* HOW TO COMPLETE THIS TASK *
Once you find the line with "Журнал учета аварий, происшедших", transcribe it and all the lines that follow to the end of the data, exactly as written; skip any pictures.

*** Opening of SUPPLIED MATERIAL ***

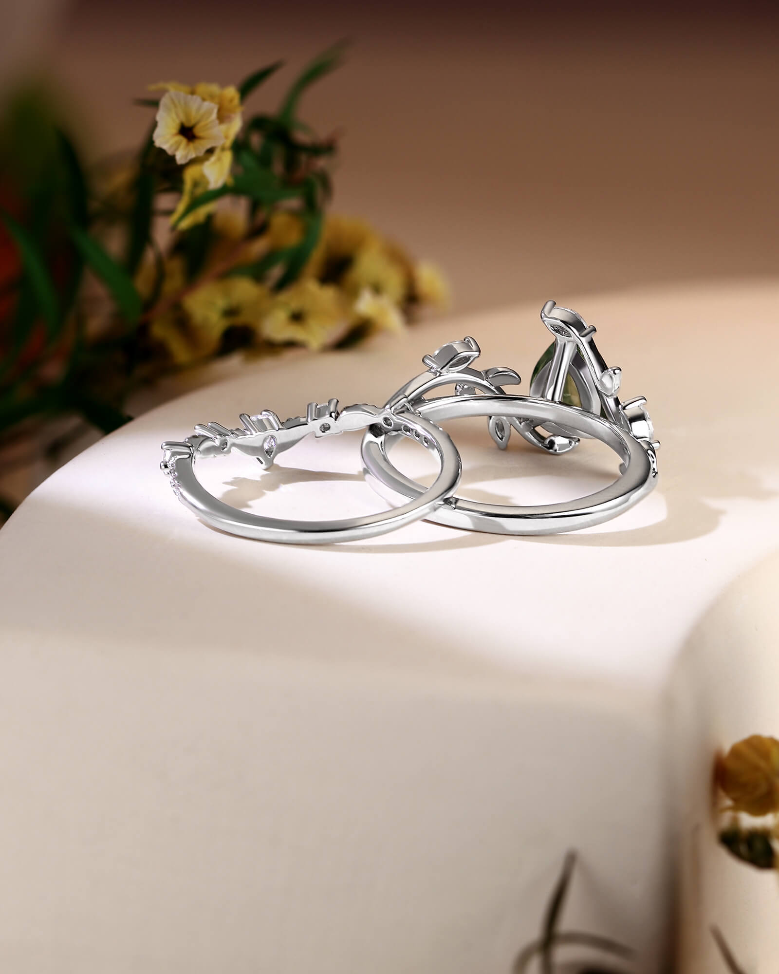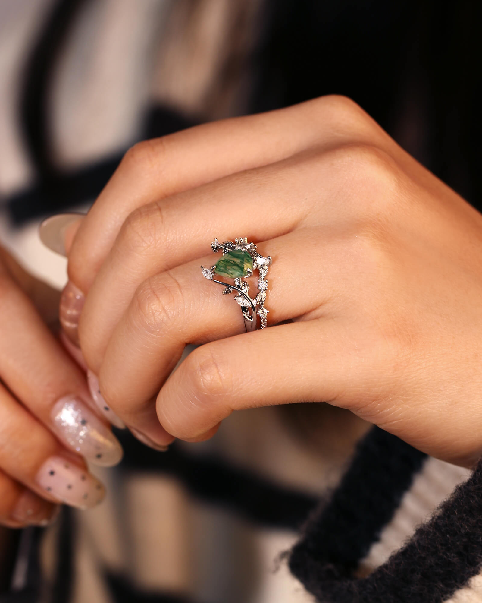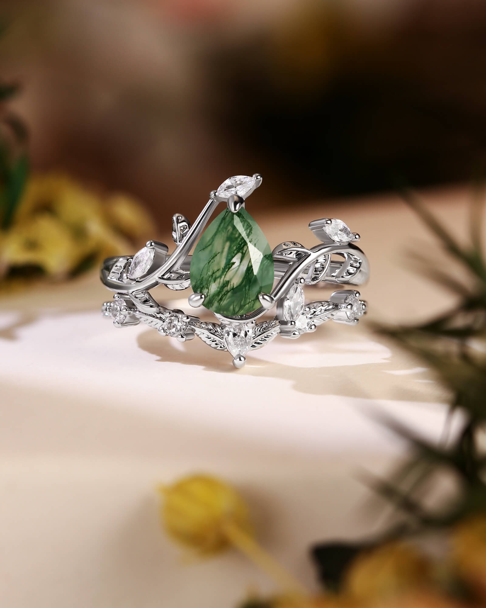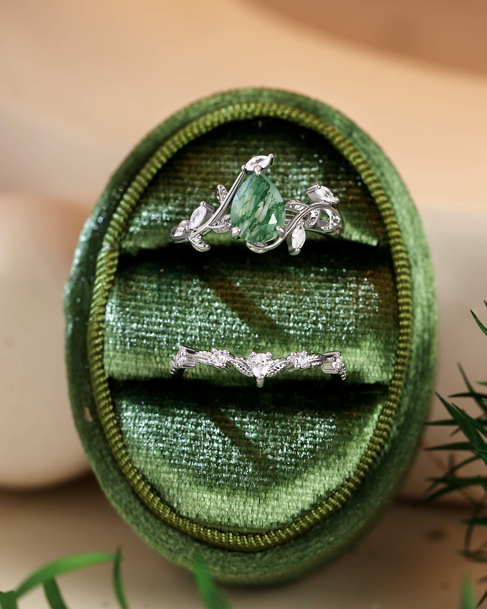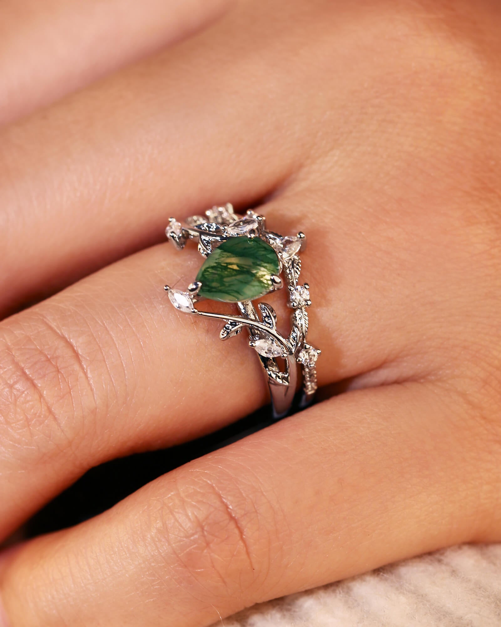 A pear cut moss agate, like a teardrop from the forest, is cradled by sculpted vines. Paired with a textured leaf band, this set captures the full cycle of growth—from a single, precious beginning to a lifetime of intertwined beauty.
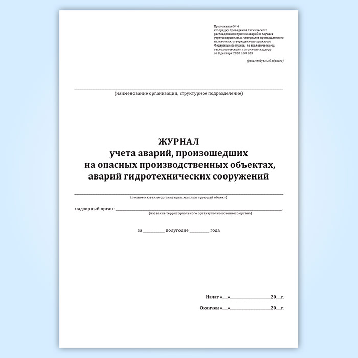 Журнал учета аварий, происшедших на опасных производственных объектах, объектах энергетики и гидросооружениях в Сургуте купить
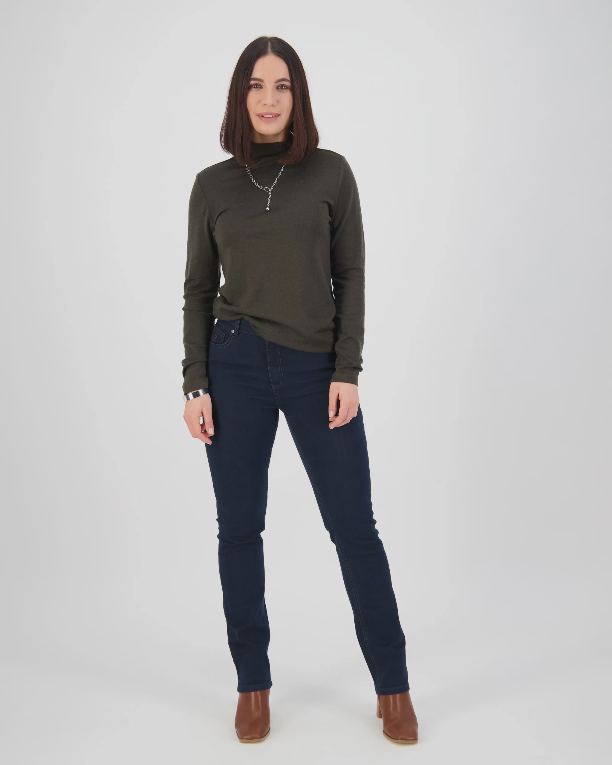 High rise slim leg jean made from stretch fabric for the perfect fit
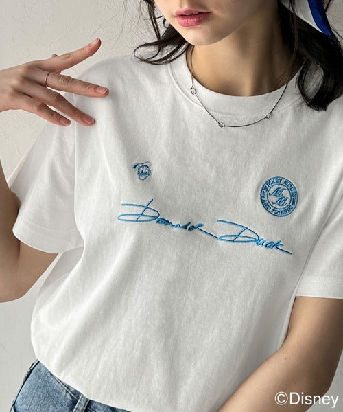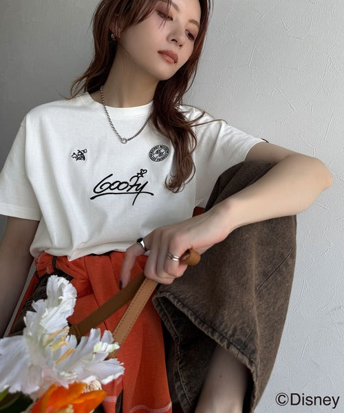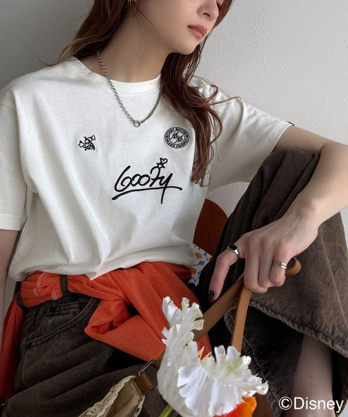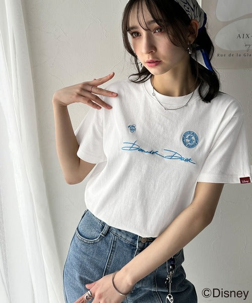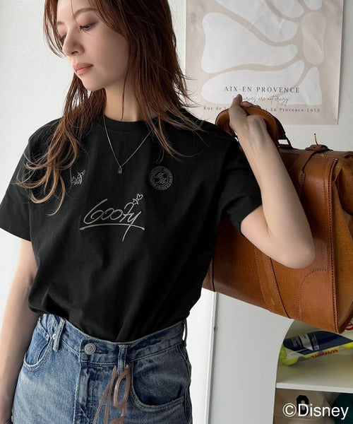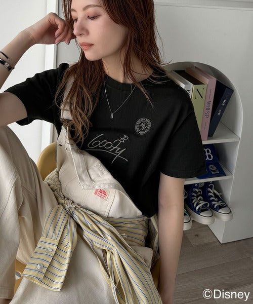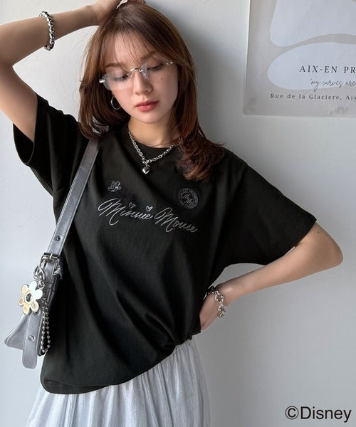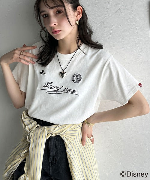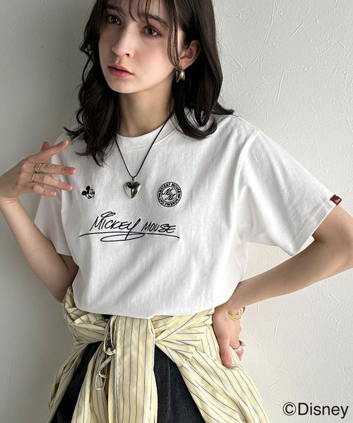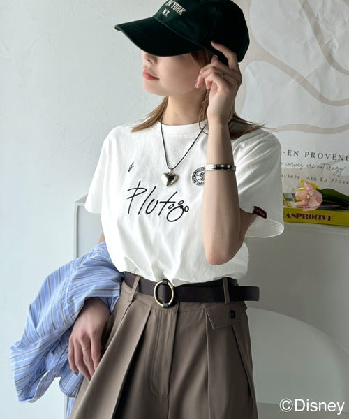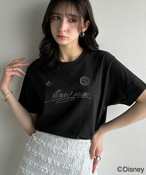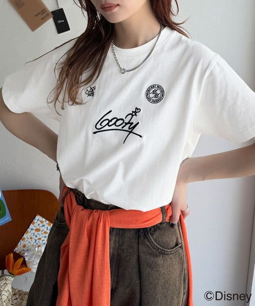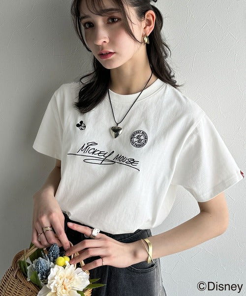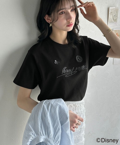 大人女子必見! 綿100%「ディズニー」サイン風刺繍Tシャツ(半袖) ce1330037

*** Close of SUPPLIED MATERIAL ***

* EXERCISE SOLUTION *
 Журнал учета аварий, происшедших на опасных производственных объектах, объектах энергетики и гидросооружениях в Сургуте купить
 High rise slim leg jean made from stretch fabric for the perfect fit
 大人女子必見! 綿100%「ディズニー」サイン風刺繍Tシャツ(半袖) ce1330037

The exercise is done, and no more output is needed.